■ **Prompt**
Each entry is to be given again exactly; drop the images.

■ **Given records**
________________________________________

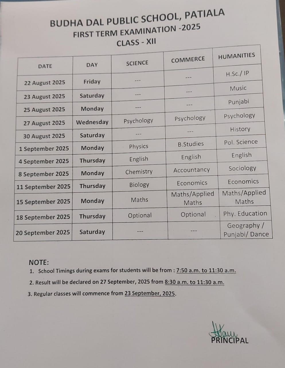 DATE SHEET TERM 1 (XII) 2025-26
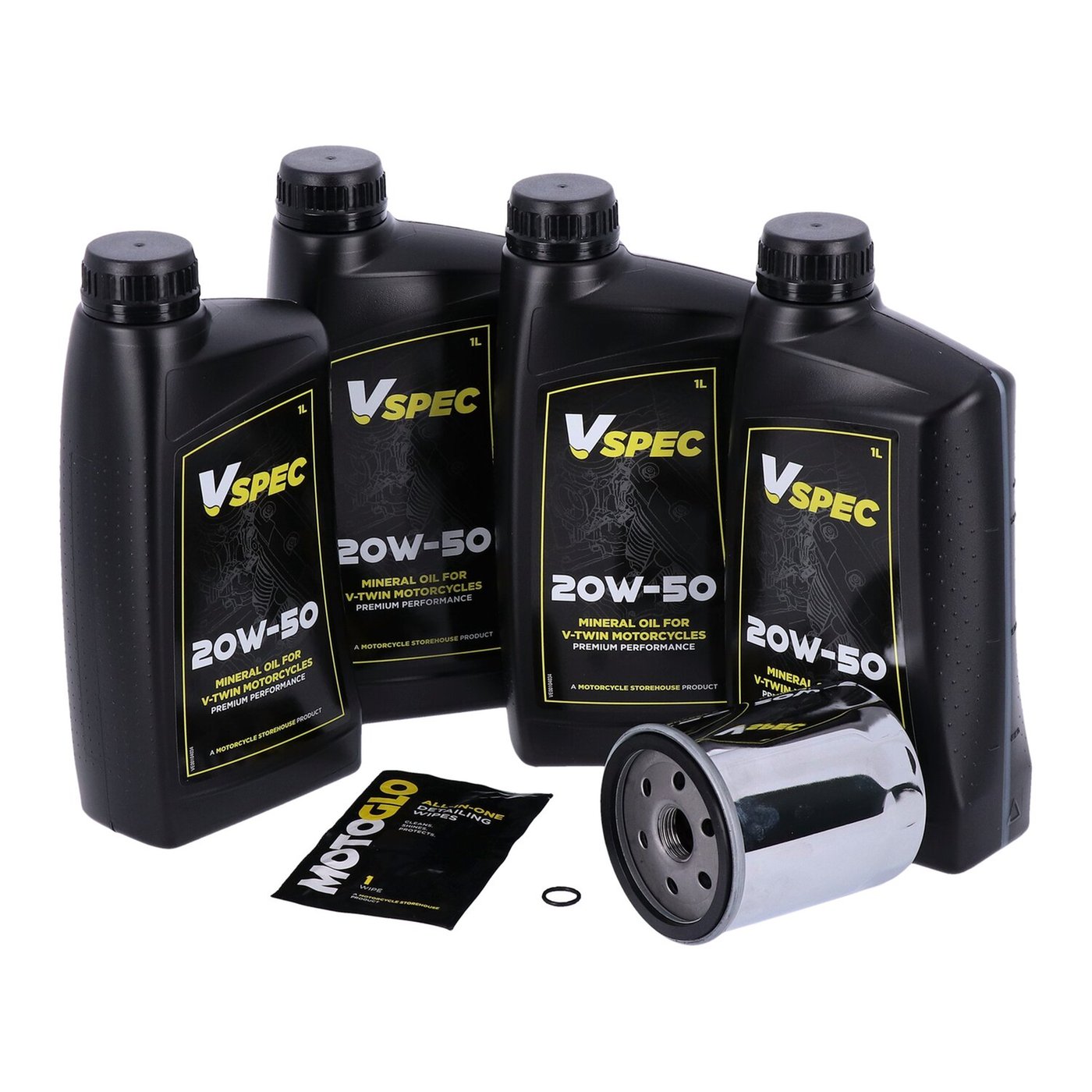 4 liter. Chrome oil filter (63796-77A / 63805-80A style). Basic service kit with an oil filter, o-ring drain plug and enough engine oil to service the specific model as mentioned. Used to service your bike during a regular service interval or before you store it for the for the winter period. Note: Comes with genuine Vspec high quality mineral engine oil for all stock to high output engines that require mineral engine oil. Note: Used oil may contain harmful acids and/or other contaminants. Therefore it is advised to do an oil and filter change before winter storage. Note: Check your service manual for the recommended factory oil change intervals.
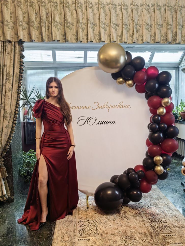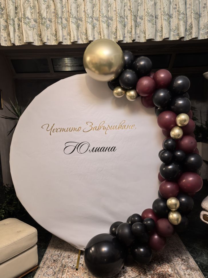 Украса с арка с балони за абитурентски бал, юбилей, рожден ден или кръщение. Украсата можде да бъде изработена в цветове по желание на клиента.
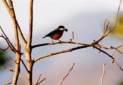 | ヤマガラ ( 留鳥 ) ドングリみたいな木の実をくわえていた。傍でじっと見ていても逃げなかった。さえずりはツツン、ピーとかわいく鳴く。 |
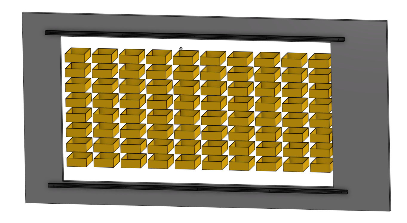 For the first prototype setup, I am targeting a 10-by-8 grid of bins. To ensure smooth retrieval, I’ve accounted for small gaps between bins, bringing the total estimated dimensions of the storage system to approximately 1.65m x 0.8m. This compact footprint is ideal, as it allows the unit to fit neatly behind the existing sorting machine while still providing high storage capacity.
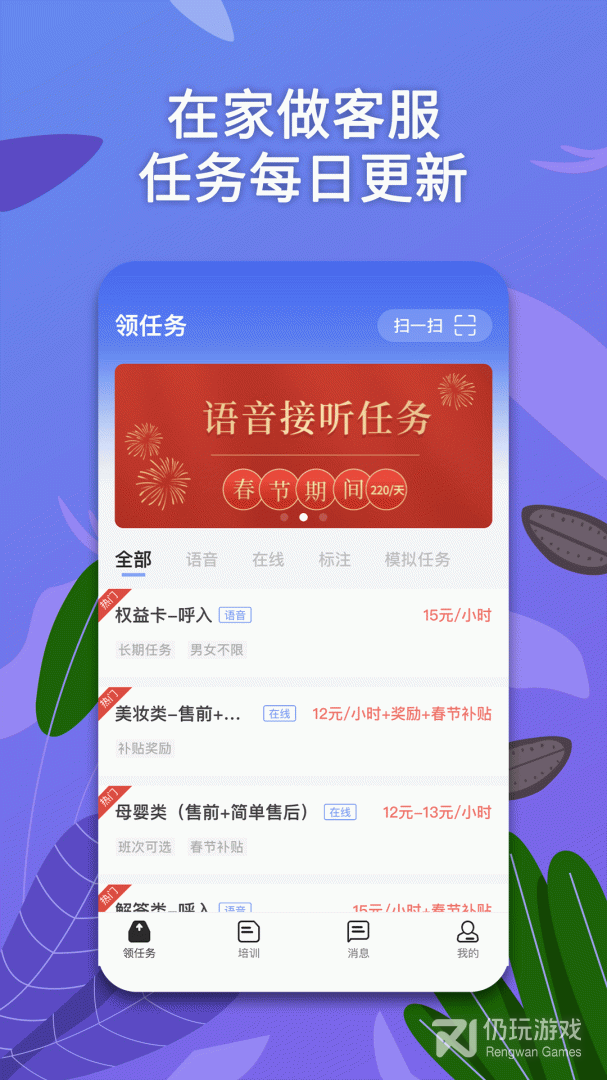 一个您可以利用空闲时间赚取报酬的客服共享任务平台!
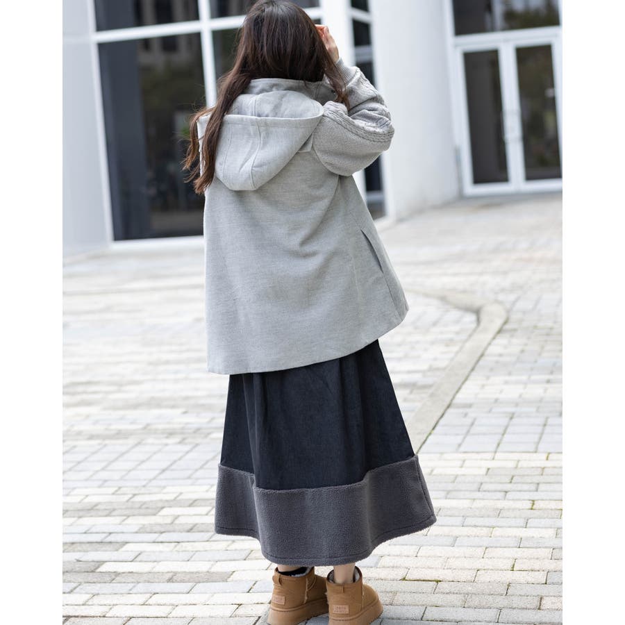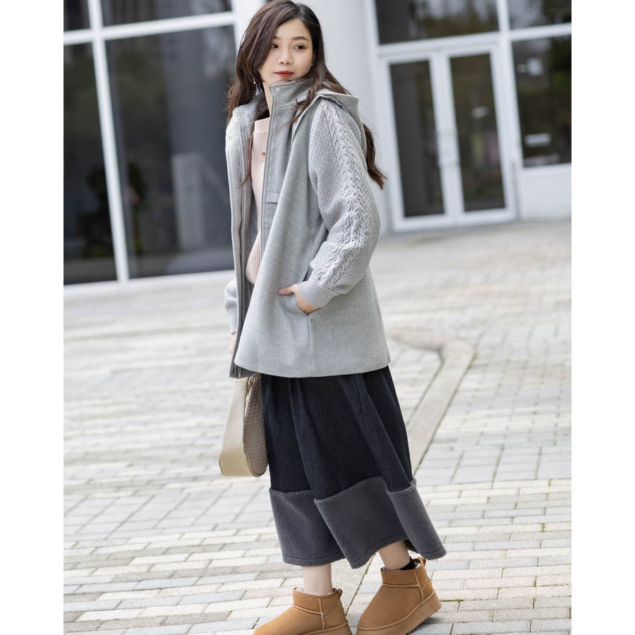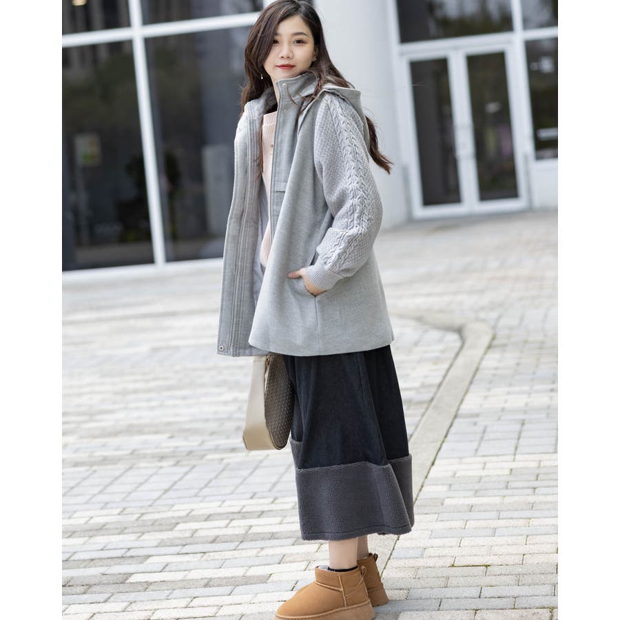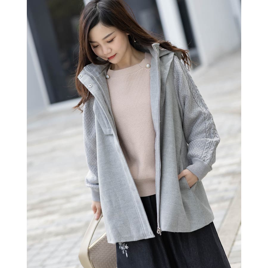 フード付き編み込みニットコート
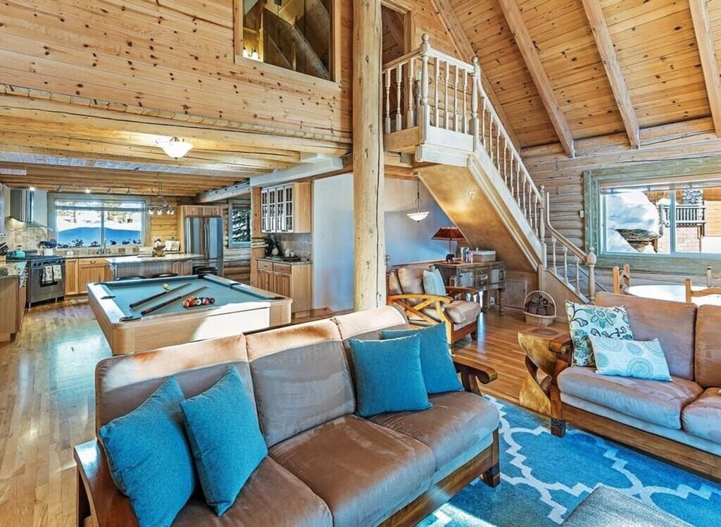 This beautiful, remodeled 5 BR, 5.5 BA log-cabin home with an attached 2 car garage exemplifies Tahoe mountain living at its finest! The entry level includes an open living room with cathedral beamed ceilings, river rock gas log fireplace and opens to the upper deck with a peek of the Lake. The gourmet kitchen boasts granite countertops, high-end stainless appliances, a kitchen island and an adjoining family dining area- perfect for hosting the holiday get-together! Stairs from the living room lead to an upper level with one of four ensuite bedrooms. Head down to the middle level with a family room with gas log stove and access to the middle deck and hot tub. This level has 3 ensuite bedrooms and laundry room. A final set of stairs brings your to the lower level which offers 1 ensuite bedroom plus a bonus room with built-in bunkbeds and access to a deck and yard. This home is the Tahoe dream- rustic, charming, unique, and just minutes from everything Incline Village has to offer

________________________________________

■ **Answer box**
 DATE SHEET TERM 1 (XII) 2025-26
 4 liter. Chrome oil filter (63796-77A / 63805-80A style). Basic service kit with an oil filter, o-ring drain plug and enough engine oil to service the specific model as mentioned. Used to service your bike during a regular service interval or before you store it for the for the winter period. Note: Comes with genuine Vspec high quality mineral engine oil for all stock to high output engines that require mineral engine oil. Note: Used oil may contain harmful acids and/or other contaminants. Therefore it is advised to do an oil and filter change before winter storage. Note: Check your service manual for the recommended factory oil change intervals.
 Украса с арка с балони за абитурентски бал, юбилей, рожден ден или кръщение. Украсата можде да бъде изработена в цветове по желание на клиента.
 | ヤマガラ ( 留鳥 ) ドングリみたいな木の実をくわえていた。傍でじっと見ていても逃げなかった。さえずりはツツン、ピーとかわいく鳴く。 |
 For the first prototype setup, I am targeting a 10-by-8 grid of bins. To ensure smooth retrieval, I’ve accounted for small gaps between bins, bringing the total estimated dimensions of the storage system to approximately 1.65m x 0.8m. This compact footprint is ideal, as it allows the unit to fit neatly behind the existing sorting machine while still providing high storage capacity.
 一个您可以利用空闲时间赚取报酬的客服共享任务平台!
 フード付き編み込みニットコート
 This beautiful, remodeled 5 BR, 5.5 BA log-cabin home with an attached 2 car garage exemplifies Tahoe mountain living at its finest! The entry level includes an open living room with cathedral beamed ceilings, river rock gas log fireplace and opens to the upper deck with a peek of the Lake. The gourmet kitchen boasts granite countertops, high-end stainless appliances, a kitchen island and an adjoining family dining area- perfect for hosting the holiday get-together! Stairs from the living room lead to an upper level with one of four ensuite bedrooms. Head down to the middle level with a family room with gas log stove and access to the middle deck and hot tub. This level has 3 ensuite bedrooms and laundry room. A final set of stairs brings your to the lower level which offers 1 ensuite bedroom plus a bonus room with built-in bunkbeds and access to a deck and yard. This home is the Tahoe dream- rustic, charming, unique, and just minutes from everything Incline Village has to offer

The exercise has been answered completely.